The plans for the Florida Accountability Office, which the House wants to launch with a $53.37 million earmark, date back to early April 2025, just over a month after Ingoglia and Gov. Ron DeSantis began rolling out the DOGE initiative.

At the time, House budget leaders — heading into a quarrelsome negotiation process with the Senate and Governor’s Office that led to months of additional meetings — were escalating scrutiny of state agencies amid concerns about wasteful spending and a lack of transparency.

The House State Administration Budget Subcommittee, then under the leadership of former state Rep. Vicki Lopez of Miami, advanced a measure to create the Florida Accountability Office. The bill cleared the House on a 112-0 vote a week later, but died on the Senate floor in June without being added to the 2025-26 budget.

Now it’s back.

What would the Florida Accountability Office do?

The Florida Accountability Office, as proposed, would serve as a spending watchdog agency within the Legislature.
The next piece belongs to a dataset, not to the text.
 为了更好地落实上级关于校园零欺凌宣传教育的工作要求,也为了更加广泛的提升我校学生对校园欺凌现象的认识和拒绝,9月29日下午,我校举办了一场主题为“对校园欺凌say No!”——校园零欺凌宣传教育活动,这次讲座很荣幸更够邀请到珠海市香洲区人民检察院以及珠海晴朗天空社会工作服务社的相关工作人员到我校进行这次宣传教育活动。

It would carry powers to conduct audits, reviews, examinations, investigations and evaluations of government spending — as Ingoglia has done with county and city budgets in recent months, which he says has uncovered $1.9 billion in overspending so far — and recommend improvements in efficiency, effectiveness and fiscal management.

The new office would have four main units: the Division of the Auditor General, which would conduct financial audits; the General Accountability Division, which would run operational and compliance audits; the Office of Program Policy Analysis and Government Accountability, which would undertake performance audits; and a Public Integrity Division, which would investigate complaints of fraud, waste, abuse, mismanagement or misconduct involving public funds.

Like Ingoglia’s proposed FAFO, it would have broad authority to inspect records and operations of public agencies and certain recipients of state funds, including access to confidential information when necessary, and legislative Committees could issue subpoenas to compel testimony or documents.

The Public Integrity Division would also review appropriations projects and refer cases to law enforcement, ethics officials, Inspectors General, or other oversight agencies when appropriate.

Leadership would be appointed by and accountable to the Legislature, including an Auditor General appointed by both chambers and other division heads selected under legislative rules or by agreement of the Senate President and House Speaker.

Rules for thee, but not for me

Ironically, while Ingoglia has been on a public crusade to make local governments more transparent and accountable, he has not held his own Office to the same standards of operation he expects others to meet.

As Florida Politics reported this week, Ingoglia’s Office ignored or took months to respond to questions and public records requests about his auditors’ travel expenses, his payroll and his plans to grow his operation.

Ingoglia’s Office also did not respond to questions about the delays.

While the FAFO bills haven’t gained any traction, another pair of bills (SB 1566, HB 1329) that Ingoglia supports by DiCeglie and Marco Island Republican Rep. Yvette Bennaroch have been advancing and would streamline county and city budget audits.